Segment Start: Provided records

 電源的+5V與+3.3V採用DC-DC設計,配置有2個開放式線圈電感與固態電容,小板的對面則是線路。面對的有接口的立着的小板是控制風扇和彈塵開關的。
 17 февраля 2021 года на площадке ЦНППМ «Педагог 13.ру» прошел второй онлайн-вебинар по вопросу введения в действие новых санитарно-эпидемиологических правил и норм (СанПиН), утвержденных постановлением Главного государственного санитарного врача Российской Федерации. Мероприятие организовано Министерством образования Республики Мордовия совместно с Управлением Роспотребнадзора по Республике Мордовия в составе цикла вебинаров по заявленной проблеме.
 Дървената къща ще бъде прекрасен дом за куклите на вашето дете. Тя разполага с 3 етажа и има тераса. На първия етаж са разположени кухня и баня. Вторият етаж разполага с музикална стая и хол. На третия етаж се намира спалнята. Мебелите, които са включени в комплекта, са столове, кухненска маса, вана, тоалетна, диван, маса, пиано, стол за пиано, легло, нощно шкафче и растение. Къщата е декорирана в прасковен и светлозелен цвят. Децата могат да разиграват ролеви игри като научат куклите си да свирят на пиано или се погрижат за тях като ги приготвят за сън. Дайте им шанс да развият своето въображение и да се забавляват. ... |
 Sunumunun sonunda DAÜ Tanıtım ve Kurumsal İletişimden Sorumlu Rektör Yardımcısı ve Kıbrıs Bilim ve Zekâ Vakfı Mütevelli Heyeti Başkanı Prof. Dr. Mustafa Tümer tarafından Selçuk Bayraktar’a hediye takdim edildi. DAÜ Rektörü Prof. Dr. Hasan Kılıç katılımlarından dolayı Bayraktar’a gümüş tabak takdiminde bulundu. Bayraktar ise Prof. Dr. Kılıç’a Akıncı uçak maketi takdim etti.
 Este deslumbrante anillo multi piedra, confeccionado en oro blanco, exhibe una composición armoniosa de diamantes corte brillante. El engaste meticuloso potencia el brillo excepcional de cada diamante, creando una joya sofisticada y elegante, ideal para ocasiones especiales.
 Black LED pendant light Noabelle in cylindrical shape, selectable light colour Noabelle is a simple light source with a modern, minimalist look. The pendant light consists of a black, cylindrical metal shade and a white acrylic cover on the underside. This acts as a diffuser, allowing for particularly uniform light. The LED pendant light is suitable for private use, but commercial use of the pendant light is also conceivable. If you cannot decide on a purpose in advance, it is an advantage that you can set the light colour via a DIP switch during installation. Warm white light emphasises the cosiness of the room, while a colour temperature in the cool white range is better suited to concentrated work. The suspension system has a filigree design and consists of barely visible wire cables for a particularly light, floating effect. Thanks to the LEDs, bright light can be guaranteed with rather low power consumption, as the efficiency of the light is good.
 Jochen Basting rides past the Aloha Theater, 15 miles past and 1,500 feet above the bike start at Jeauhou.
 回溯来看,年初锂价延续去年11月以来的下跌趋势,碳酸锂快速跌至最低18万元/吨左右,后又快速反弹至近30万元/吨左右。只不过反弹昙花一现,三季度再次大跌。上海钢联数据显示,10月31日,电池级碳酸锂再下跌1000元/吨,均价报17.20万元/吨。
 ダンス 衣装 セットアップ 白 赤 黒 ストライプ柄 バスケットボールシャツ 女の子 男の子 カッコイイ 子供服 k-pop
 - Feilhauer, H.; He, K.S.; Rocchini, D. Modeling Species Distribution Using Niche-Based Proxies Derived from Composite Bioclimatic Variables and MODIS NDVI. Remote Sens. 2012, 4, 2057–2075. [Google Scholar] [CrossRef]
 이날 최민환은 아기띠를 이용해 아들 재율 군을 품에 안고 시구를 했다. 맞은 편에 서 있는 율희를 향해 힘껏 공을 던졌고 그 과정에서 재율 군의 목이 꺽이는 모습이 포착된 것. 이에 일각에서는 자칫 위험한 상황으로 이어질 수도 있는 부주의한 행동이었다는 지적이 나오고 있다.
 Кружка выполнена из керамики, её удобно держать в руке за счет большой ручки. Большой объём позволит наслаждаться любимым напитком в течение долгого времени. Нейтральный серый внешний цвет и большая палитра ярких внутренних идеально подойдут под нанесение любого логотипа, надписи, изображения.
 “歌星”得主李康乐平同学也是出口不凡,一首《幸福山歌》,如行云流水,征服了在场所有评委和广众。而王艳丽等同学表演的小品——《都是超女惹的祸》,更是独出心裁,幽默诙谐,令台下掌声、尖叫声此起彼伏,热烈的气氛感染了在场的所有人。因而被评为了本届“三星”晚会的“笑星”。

Segment End: Provided records

What the task requires >> As the exercise requires, copy out the data shown above word for word.

Your solution >>
 電源的+5V與+3.3V採用DC-DC設計,配置有2個開放式線圈電感與固態電容,小板的對面則是線路。面對的有接口的立着的小板是控制風扇和彈塵開關的。
 17 февраля 2021 года на площадке ЦНППМ «Педагог 13.ру» прошел второй онлайн-вебинар по вопросу введения в действие новых санитарно-эпидемиологических правил и норм (СанПиН), утвержденных постановлением Главного государственного санитарного врача Российской Федерации. Мероприятие организовано Министерством образования Республики Мордовия совместно с Управлением Роспотребнадзора по Республике Мордовия в составе цикла вебинаров по заявленной проблеме.
 Дървената къща ще бъде прекрасен дом за куклите на вашето дете. Тя разполага с 3 етажа и има тераса. На първия етаж са разположени кухня и баня. Вторият етаж разполага с музикална стая и хол. На третия етаж се намира спалнята. Мебелите, които са включени в комплекта, са столове, кухненска маса, вана, тоалетна, диван, маса, пиано, стол за пиано, легло, нощно шкафче и растение. Къщата е декорирана в прасковен и светлозелен цвят. Децата могат да разиграват ролеви игри като научат куклите си да свирят на пиано или се погрижат за тях като ги приготвят за сън. Дайте им шанс да развият своето въображение и да се забавляват. ... |
 Sunumunun sonunda DAÜ Tanıtım ve Kurumsal İletişimden Sorumlu Rektör Yardımcısı ve Kıbrıs Bilim ve Zekâ Vakfı Mütevelli Heyeti Başkanı Prof. Dr. Mustafa Tümer tarafından Selçuk Bayraktar’a hediye takdim edildi. DAÜ Rektörü Prof. Dr. Hasan Kılıç katılımlarından dolayı Bayraktar’a gümüş tabak takdiminde bulundu. Bayraktar ise Prof. Dr. Kılıç’a Akıncı uçak maketi takdim etti.
 Este deslumbrante anillo multi piedra, confeccionado en oro blanco, exhibe una composición armoniosa de diamantes corte brillante. El engaste meticuloso potencia el brillo excepcional de cada diamante, creando una joya sofisticada y elegante, ideal para ocasiones especiales.
 Black LED pendant light Noabelle in cylindrical shape, selectable light colour Noabelle is a simple light source with a modern, minimalist look. The pendant light consists of a black, cylindrical metal shade and a white acrylic cover on the underside. This acts as a diffuser, allowing for particularly uniform light. The LED pendant light is suitable for private use, but commercial use of the pendant light is also conceivable. If you cannot decide on a purpose in advance, it is an advantage that you can set the light colour via a DIP switch during installation. Warm white light emphasises the cosiness of the room, while a colour temperature in the cool white range is better suited to concentrated work. The suspension system has a filigree design and consists of barely visible wire cables for a particularly light, floating effect. Thanks to the LEDs, bright light can be guaranteed with rather low power consumption, as the efficiency of the light is good.
 Jochen Basting rides past the Aloha Theater, 15 miles past and 1,500 feet above the bike start at Jeauhou.
 回溯来看,年初锂价延续去年11月以来的下跌趋势,碳酸锂快速跌至最低18万元/吨左右,后又快速反弹至近30万元/吨左右。只不过反弹昙花一现,三季度再次大跌。上海钢联数据显示,10月31日,电池级碳酸锂再下跌1000元/吨,均价报17.20万元/吨。
 ダンス 衣装 セットアップ 白 赤 黒 ストライプ柄 バスケットボールシャツ 女の子 男の子 カッコイイ 子供服 k-pop
 - Feilhauer, H.; He, K.S.; Rocchini, D. Modeling Species Distribution Using Niche-Based Proxies Derived from Composite Bioclimatic Variables and MODIS NDVI. Remote Sens. 2012, 4, 2057–2075. [Google Scholar] [CrossRef]
 이날 최민환은 아기띠를 이용해 아들 재율 군을 품에 안고 시구를 했다. 맞은 편에 서 있는 율희를 향해 힘껏 공을 던졌고 그 과정에서 재율 군의 목이 꺽이는 모습이 포착된 것. 이에 일각에서는 자칫 위험한 상황으로 이어질 수도 있는 부주의한 행동이었다는 지적이 나오고 있다.
 Кружка выполнена из керамики, её удобно держать в руке за счет большой ручки. Большой объём позволит наслаждаться любимым напитком в течение долгого времени. Нейтральный серый внешний цвет и большая палитра ярких внутренних идеально подойдут под нанесение любого логотипа, надписи, изображения.
 “歌星”得主李康乐平同学也是出口不凡,一首《幸福山歌》,如行云流水,征服了在场所有评委和广众。而王艳丽等同学表演的小品——《都是超女惹的祸》,更是独出心裁,幽默诙谐,令台下掌声、尖叫声此起彼伏,热烈的气氛感染了在场的所有人。因而被评为了本届“三星”晚会的“笑星”。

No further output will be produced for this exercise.